Cuando Dios toca lo común en tu vida y lo hace especial.
Si miramos de cerca a algunos hombres y mujeres de la Biblia, veremos que fueron personas comunes que lograron cosas extraordinarias. Pedro y Juan eran pescadores. Saulo era fariseo. Lidia era vendedora de telas (Hech. 16:14). Abigail era ama de casa (1 Sam. 25:3, 18). Pero sus historias revelan logros poco comunes.
Pedro y Pablo se convirtieron en dinámicos evangelistas que hablaban con erudición y autoridad frente a multitudes. El apóstol Juan, como Pedro y Pablo, dejó escritos que nos inspiran hasta hoy, en las Sagradas Escrituras. Lidia, por su parte, se convirtió en una líder de la iglesia de Filipos y colaboradora del apóstol Pablo (Hech. 16:14, 40). Y Abigail tocó con inmensa sabiduría el corazón del rey David (1 Sam. 25:35). Un poder los llenó, más allá de sus habilidades naturales, y los capacitó para cambiar el rumbo de la historia.
A veces nos sentirnos ajenos a estas lejanas historias y luchamos con las ansiedades. No somos lo que quisiéramos ser y no logramos lo que quisiéramos lograr. Nos sentimos paralizados y no nos imaginamos cómo escribir el siguiente renglón de nuestra historia. Nuestra vida nos parece demasiado diferente de la de aquellos hombres y mujeres comunes pero extraordinarios.

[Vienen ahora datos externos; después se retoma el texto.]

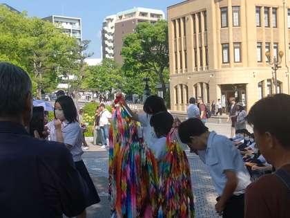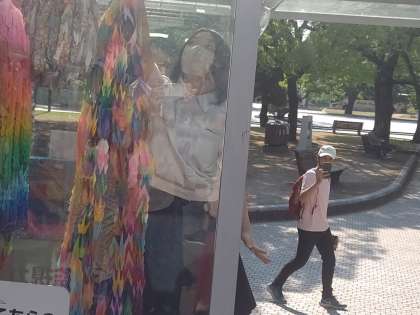 千羽鶴を折り鶴掲載台に掲げました。

Muchos nos dirían que tenemos que aprender a aceptarnos como somos. Y, aunque esto tiene validez hasta cierto punto, también es cierto que tenemos que tener en cuenta el poder de Cristo para hacernos mejores y más competentes. Este es uno de los valores agregados del cristianismo.

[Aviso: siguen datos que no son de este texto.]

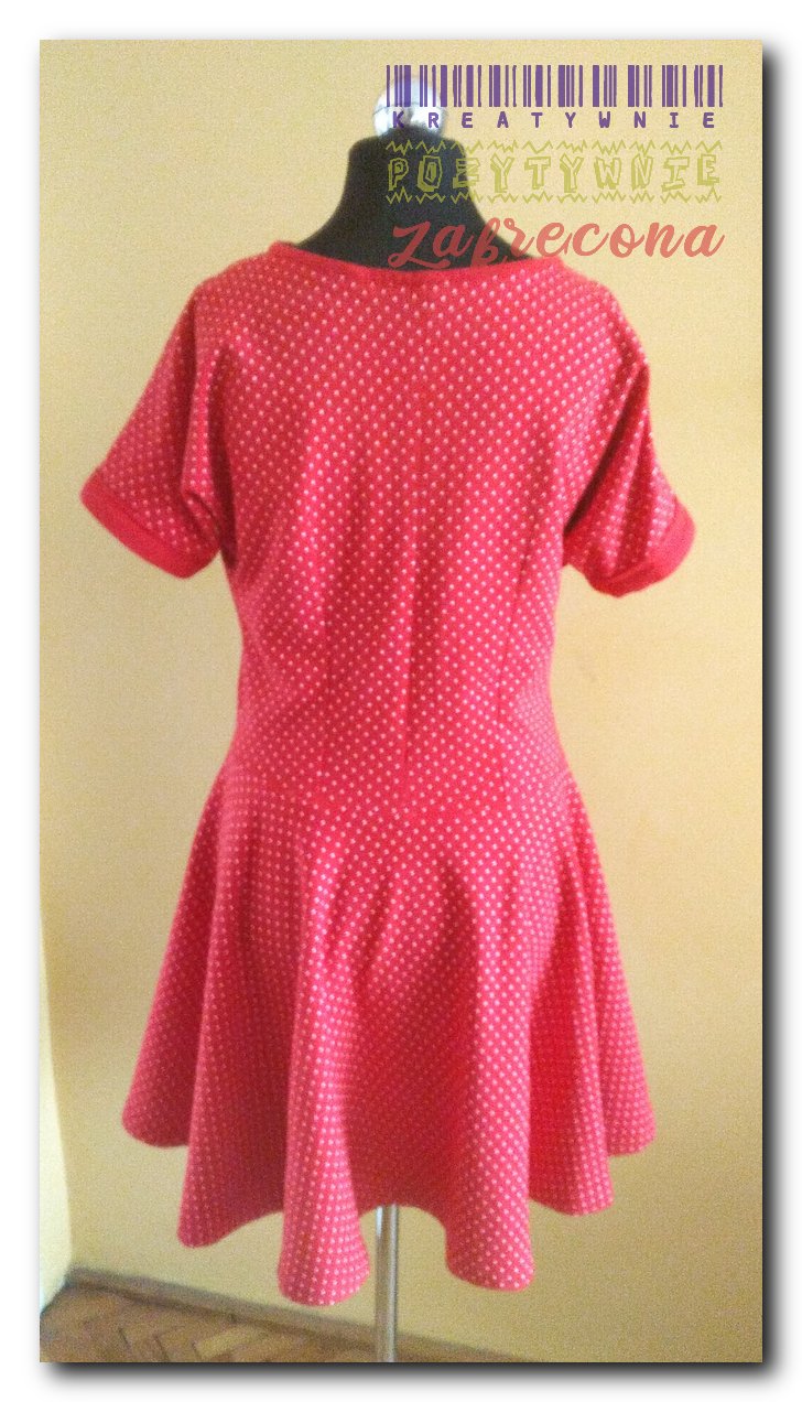 Czerwona sukienka w groszki.

“Todo lo puedo en Cristo que me fortalece”, escribió el apóstol Pablo en Filipenses 4:13. Y esto no incluye solamente el hecho de poder hacer frente a las diversas circunstancias de la vida, generalmente difíciles, como lo que estaba diciéndoles Pablo. El poder de Dios nos fortalece y nos convierte en personas extraordinarias para servirlo y ser instrumentos de su gracia. Él es quien toca lo común en nosotros y lo convierte en algo muy especial.

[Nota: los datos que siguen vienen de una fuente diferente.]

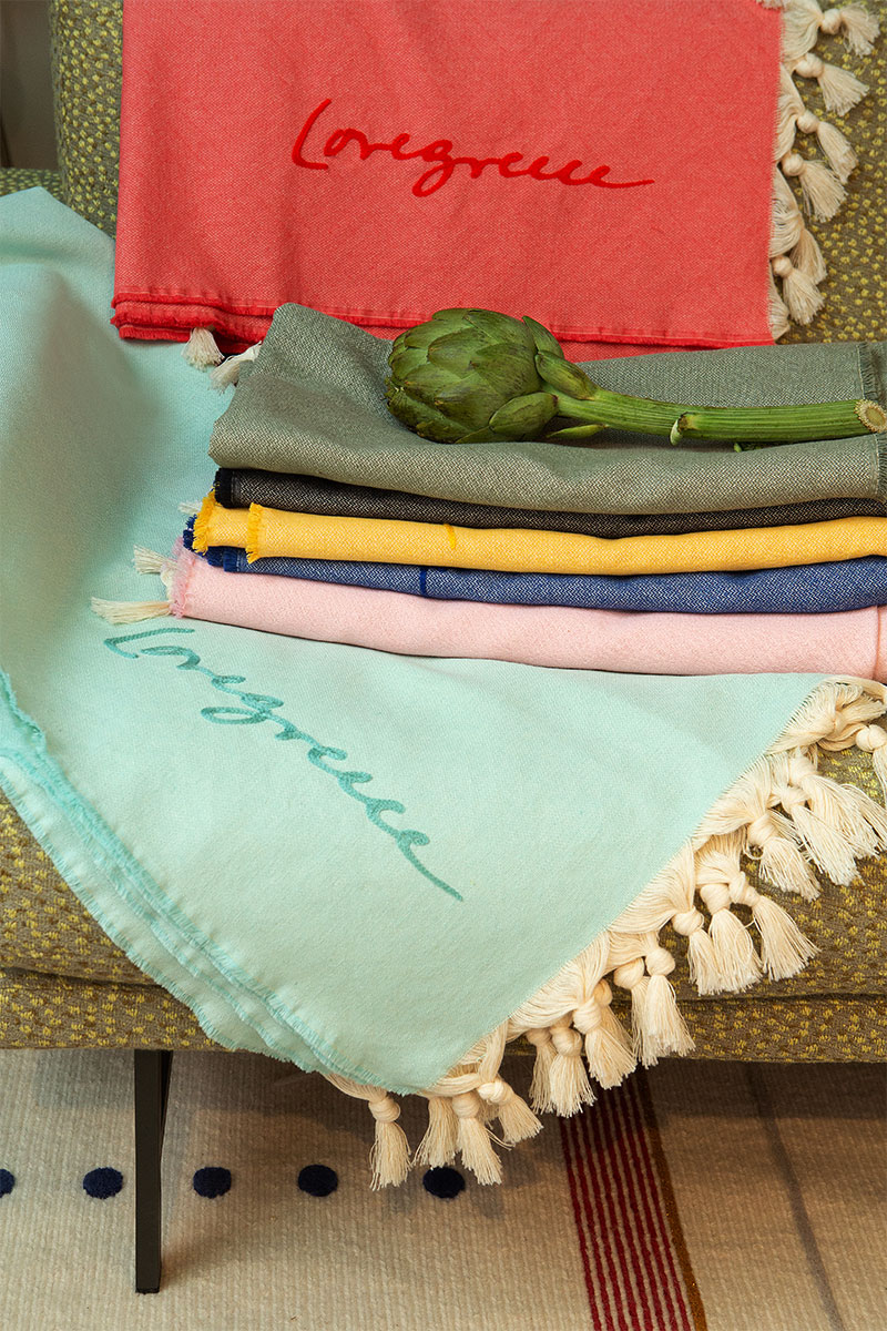 The Lovegreece Monochromatic Double Fouta throw brings together heritage craftsmanship and modern elegance. Woven with the traditional Greek Meander technique, it offers plush softness on one side and superior water absorption on the other. Lightweight, compact, and quick-drying, it’s the perfect companion for the beach, spa, or everyday use. Hand-finished with delicate cotton fringes and embroidered tone-on-tone with the Lovegreece logo, it reflects quality, sustainability, and timeless style. Made of 100% recycled cotton—crafted with love, to be used with pride.

Se cuenta la historia de un distinguido pintor y escultor que invitó a su anciano padre a venir a vivir con él los últimos años de su vida. El padre hizo el largo viaje y se instaló en la casa de su amado hijo. El anciano también era escultor, así que pidió arcilla y herramientas para pasar las veladas con su arte. Pero su visión había declinado y no conseguía esculpir como antes, por lo que cada noche se iba a dormir con un corazón desalentado y triste.
Pero su hijo, cuando su padre se había dormido, trabajaba en secreto con la arcilla deformada. A la mañana, al despertar, el anciano iba a mirar su obra de la noche anterior y, sin saber que otra mano la había tocado, exclamaba embelesado: “¿Por qué me desanimé? ¡No estaba tan mal como pensaba!”
Sí, hay “otra mano” que toca nuestra vida, nuestro trabajo y nuestros esfuerzos. Hay otra mano que suaviza los puntos ásperos de nuestra obra y hace hermoso aquello que es común. Es la mano de nuestro Señor Jesucristo.
Que la siguiente cita de Elena White, mi favorita, pueda motivarte a creer en lo que Cristo es capaz de hacer con tu historia. Leamos lo que ella escribe:
“Todos los que consagran su alma, cuerpo y espíritu a Dios recibirán constantemente una nueva medida de fuerzas físicas y mentales. Las inagotables provisiones del Cielo están a su disposición. Cristo les da el aliento de su propio espíritu, la vida de su propia vida. El Espíritu Santo despliega sus más altas energías para obrar en el corazón y la mente. La gracia de Dios amplía y multiplica sus facultades y toda perfección de la naturaleza divina los auxilia en la obra de salvar almas. Por la cooperación con Cristo son completos en él, y en su debilidad humana son habilitados para hacer las obras de la Omnipotencia” (El Deseado de todas las gentes, p. 767).